Acknowledgements

To Jean Sulivan, who died too soon.

I swear the earth shall surely be complete to him or her who shall be complete,

The earth remains jagged and broken only to him or her who remains jagged and broken.

I swear there is no greatness or power that does not emulate those of the earth,

There can be no theory of any account unless it corroborate the theory of the earth,

No politics, song, religion, behavior, or what not, is of account, unless it compare with the amplitude of the earth, Unless it face the exactness, vitality, impartiality, rectitude of the earth.

—Walt Whitman, Leaves of Grass, “Song of the Rolling Earth”

Man does not live on bread alone—provided that he has some.

—Alain Saury

None of our books will perish; we will restore our broken statues; from domes and pediments other domes and pediments will be born; some men will think and work and feel as we do; I dare to count on his followers, placed irregularly throughout the centuries, on this intermittent immortality. I will say here that Hadrian was luckier than us. He was not facing, as we are now, a world in which we are perhaps the last ones capable of fighting against, with such scant possibilities of success, this “immense mass of evil-doings and errors” threatening, no longer only civilization, as anticipated, but life on earth itself. He could at best glimpse the end the of Greco-Roman world, then still far away; he could not foresee what we witness on a daily basis, the poisoning of our air and rivers, the death of the oceans, the extinction of animal species, the endemic torture and genocide, the degradation of the ideal of humanitas that he made his own. It is more difficult for us to continue to work courageously and it is nearly impossible to continue to believe, even in a partial and mitigated way as he did, in the wisdom of man.

—Marguerite Yourcenar, Interviews…, Mercure de France

I name as universal heir, the world’s youth.

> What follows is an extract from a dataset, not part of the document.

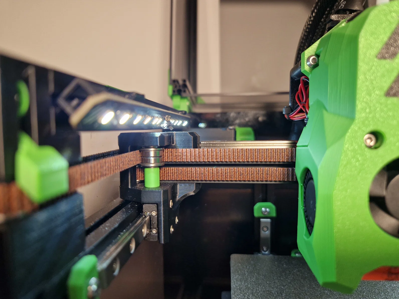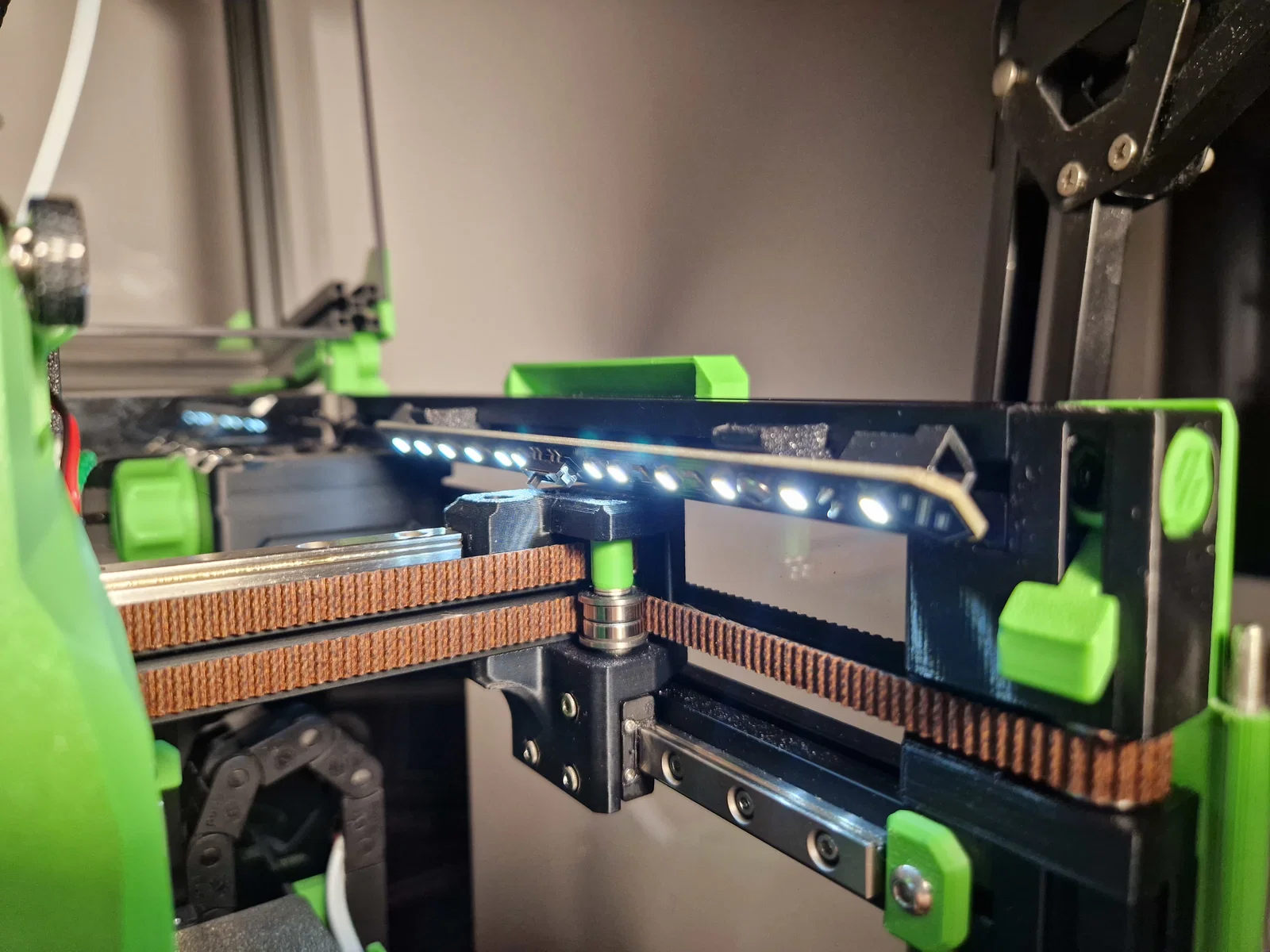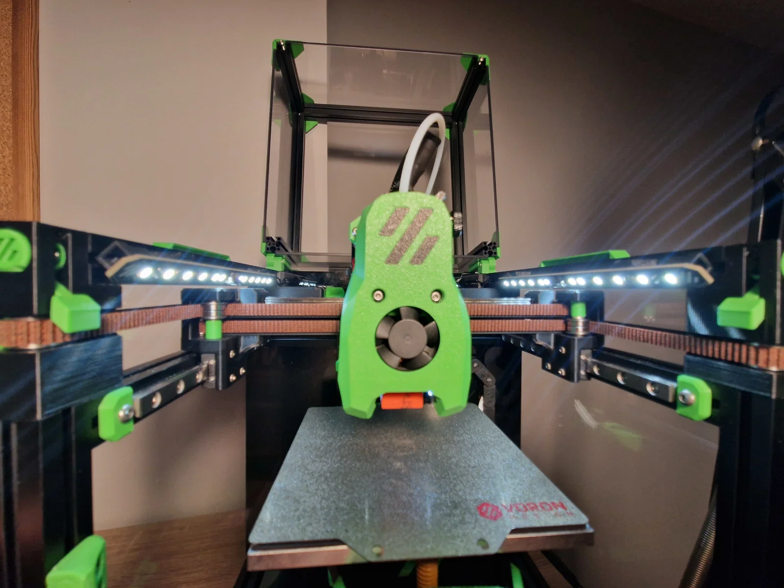 Mấy bản daylight gắn kiểu “matchstick” thường được thiết kế để bắt lên mặt trên của thanh extrusion, nhìn không được gọn gàng lắm. Mình làm một phiên bản giấu vào bên trong thân Voron, từ ngoài nhìn vô gần như không thấy. Đặt nghiêng góc 45 độ để ánh sáng rọi thẳng vào chi tiết đang in, sáng đều hơn. Đứng cách tầm nửa mét (cỡ chiều cao một con voron0 theo kiểu tính của người Mỹ) thì đèn không bị chói mắt (khác với kiểu gắn chuẩn ở extrusion phía dưới).

The worst thing that can happen is that you are of no use to anyone, that your life serves no purpose. Enrich yourselves, you, on the happiness of others. If something is missing from your life, it is because you have not looked high enough. And then, believe in kindness—in humble, sublime kindness. The treasure I leave you is the good I did not do, but I wanted to do, which you shall do now that I’m gone.

—Raoul Follereau

The 21st century will be religious or it will not.